27th Kelly McGillis Classic International Female Flag Football Championship
&World Challenge, Key West, FL.	January 25–29, 2018
(Full Week of Events: January 22–29)

6th Readington, New Jersey	June 23–24, 2018
Hosted by NJWFF

3rd San Salvador, El Salvador	June 30 – July 1, 2018
Hosted by ASFA

1st Asia Regional Jaipur, India		June 30 – July 1
Hosted by EFLI

3rd Havana, Cuba Friendship Game July 21

15th Gothenburg, Sweden		August 25–26, 2018
Hosted by Gothenburg Angels

4th Key West Women's Fest	September 7–8, 2018
Friendship Game and Clinic - Loose Women Only

13th IWFFA Ptown Classic, September 14–16, 2018
Provincetown, Massachusetts

1st Cancún, Mexico	October 4–8, 2018

5th Guatemala City, Guatemala	November 3–4, 2018
Hosted by Guatemala Women's Flag Football League

28th Kelly McGillis Classic International Women & Girls Flag Football Championship
Key West, Florida, USA January 24–28, 2019 (Games Only)
(Full Week of Events: January 22–29, 2019)

== History ==

In April 1997, the International Women's Flag Football Association (IWFFA) was founded by Diane Beruldsen and is the first international women's flag football association. The IWFFA was developed from previous leagues founded by Diane Beruldsen: Brooklyn Women's Flag Football League, New York Women's Flag Football League, Key West Women's Flag Football League. In 1995 Ms. Beruldsen founded the National Women's Flag Football Association, the very first women's national flag football association.

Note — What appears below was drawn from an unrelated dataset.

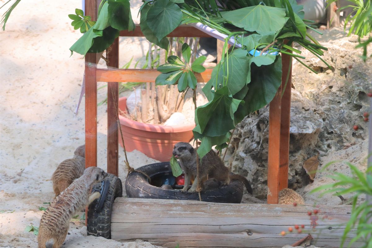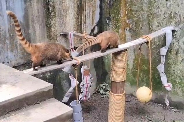 保育員為克服長鼻浣熊因分群而缺乏垂直的活動環境,設置「長鼻浣熊體能鍛鍊場」,增加3D立體運動空間;也為喜歡四處探索、挖掘沙地的狐獴設計一座「豪華搖搖輪圈扭蛋機」,另外運用廢棄輪胎置入可更換內容物的扭蛋,並在扭蛋中加入狐獴喜歡的食物,透過滾動和翻轉的扭蛋設計,很符合狐獴探索的習性,也延長取食時間,讓狐獴像是一群在扭蛋機前流連忘返的小朋友。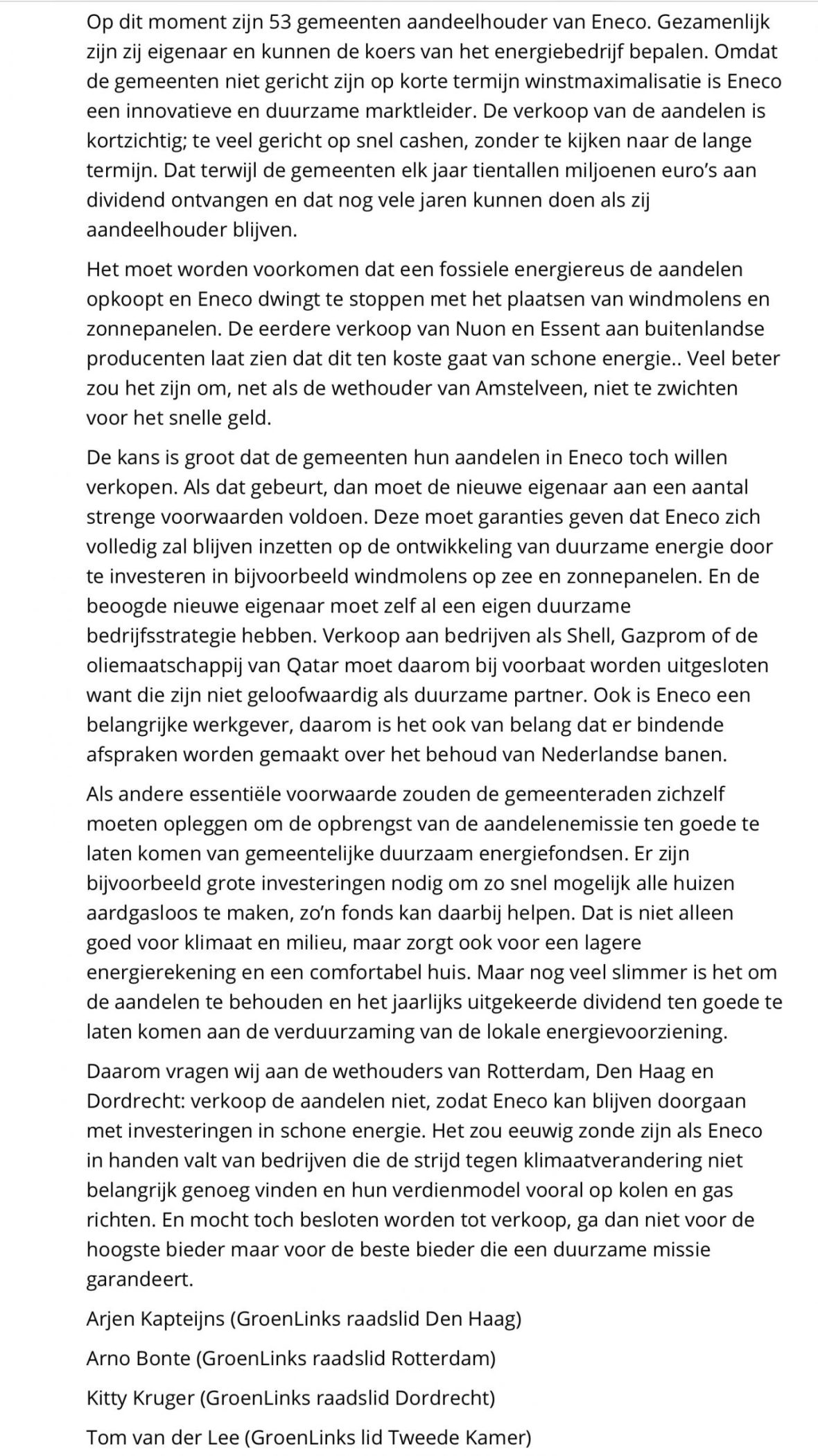 2017-6-9 Groen Links raadslid Arno Bonte roept voor de verkiezingen op Eneco niet te verkopen. Na de verkiezingen is hij wethouder in Rotterdam en verkoopt alsnog 2 van 2. Dit delen:TweetVind-ik-leuk Aan het laden...

Since its inception, the IWFFA has traveled to other countries throughout Europe to introduce the sport and start new teams and leagues. In 1997, the IWFFA brought flag football to Scandinavia by starting the first women's flag football team in Denmark: the Copenhagen Mermaids. In 1999 the Oslo Trolls (Norway) was formed. In 2000, the Gothenburg Angels (Sweden), Team Ice (Iceland) was formed and as the IWFFA traveled for six months during its 2000 promotional tour throughout the Nordic Region (Norway, Sweden, Denmark, Iceland, Finland), many teams were formed and thus, the Nordic Region for Women's Flag Football. The IWFFA travels all over the world to promote female flag football. The majority of teams and leagues are in the United States where it holds the largest female flag football tournament: Kelly McGillis Classic (KMC). In 2001, the KMC hosted 49 teams, 9 international and 40 national teams from the USA. It was the largest international flag football competition ever which brought 1,500 flag football players to the island of Key West, Florida, USA.

The First Annual World Challenge Game sponsored by Tylenol was held in 2008 following the regular tournament play of the Kelly McGillis Classic. U.S.A. All Stars vs International All Stars make up the two competing teams in the World Challenge Games, which has become a great competition displaying female flag football athleticism at its best.